Udahemuka G. Satellite-Based Active Fire Detection. Encyclopedia. Available at: Accessed June 17, 2024.
Udahemuka, Gustave. "Satellite-Based Active Fire Detection" Encyclopedia, (accessed June 17, 2024).
Udahemuka, G. (2020, May 12). Satellite-Based Active Fire Detection. In Encyclopedia.
Udahemuka, Gustave. "Satellite-Based Active Fire Detection." Encyclopedia. Web. 12 May, 2020.
Satellite-Based Active Fire Detection

Detection of an active wildfire in a satellite image scene relies on an accurate estimation of the background temperature of the scene, which must be compared to the observed temperature, to decide on the presence of fire. The expected background temperature of a pixel is commonly derived based on spatial-contextual information. Multi-temporal information and multi-spectral information have also been exploited in estimation of the background temperature of a pixel. This review discusses different approaches of estimation of background temperature and highlights the potentiality of the estimation of the background temperature using the multi-temporal data for early fire detection and real-time fire monitoring. The perspectives of a proposed multi-temporal approach are also outlined. 

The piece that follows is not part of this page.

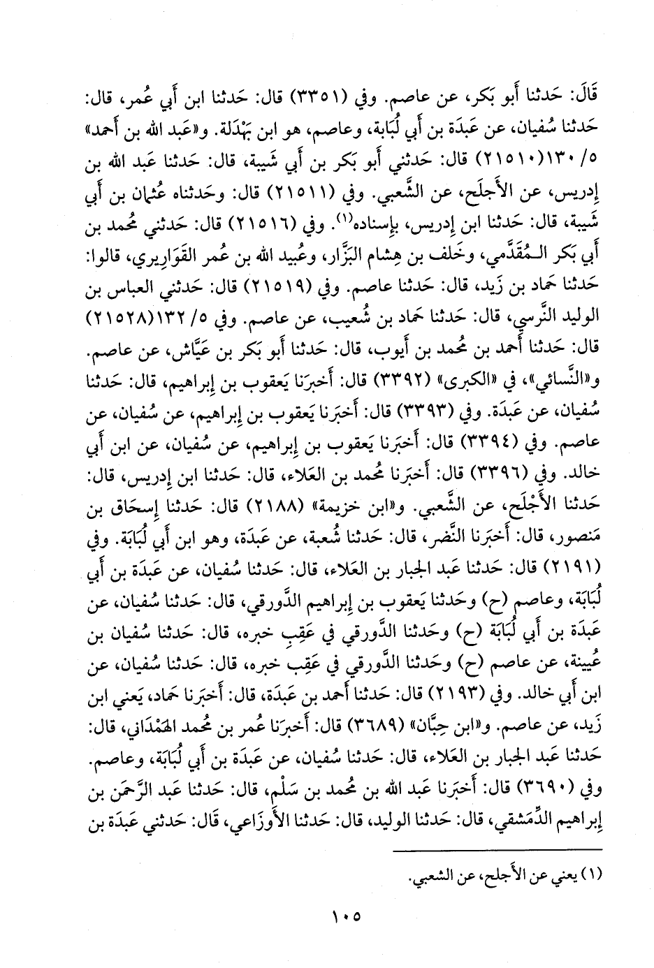 وفي (٢١٩٣) قال: حدثنا أحمد بن عَبدة، قال: أخبرنا حماد، يعني ابن زيد، عن عاصم. و «ابن حِبَّان» (٣٦٨٩) قال: أخبرنا عمر بن محمد الهمداني، قال: حدثنا عبد الجبار بن العلاء، قال: حدثنا سفيان، عن عبدة بن أبي لبابة، وعاصم. وفي (٣٦٩٠) قال: أخبرنا عبد الله بن محمد بن سَلم، قال: حدثنا عبد الرَّحمَن بن إبراهيم الدمشقي، قال: حدثنا الوليد، قال: حدثنا الأوزاعي، قال: حدثني عبدة بن

remote sensing data active fire detection background temperature of a fire pixel Diurnal Temperature Cycle (DTC) data assimilation ensemble forecasting change detection Geostationary Earth Orbit (GEO) satellite

1. Introduction

Data acquired from satellite sensors are widely used in the automatic detection of active wildfires. Fire detection techniques supported by such data provide the most feasible and practical means for the detection and continuous monitoring of regional and global fire activities [1]. Though data used in the design of satellite-based fire detection have been acquired from sensors onboard Low Earth Orbit (LEO) systems (mainly polar satellites) and onboard Geostationary Earth Orbit (GEO) satellites, the thermal imagery data obtained from the global system of GEO sensors are the most appropriate satellite-based data for early fire detection in the non-polar regions of the earth. In near future, data acquired from the thermal sensors on inclined highly elliptical orbits (HEOs), such as Molniya and Tundra orbits, will also provide data on temporal resolution scale same as GEO. The devastating effects of wildfires on land, atmosphere, flora, and fauna can be mitigated when wildfire outbreaks are timely detected to enable early interventions.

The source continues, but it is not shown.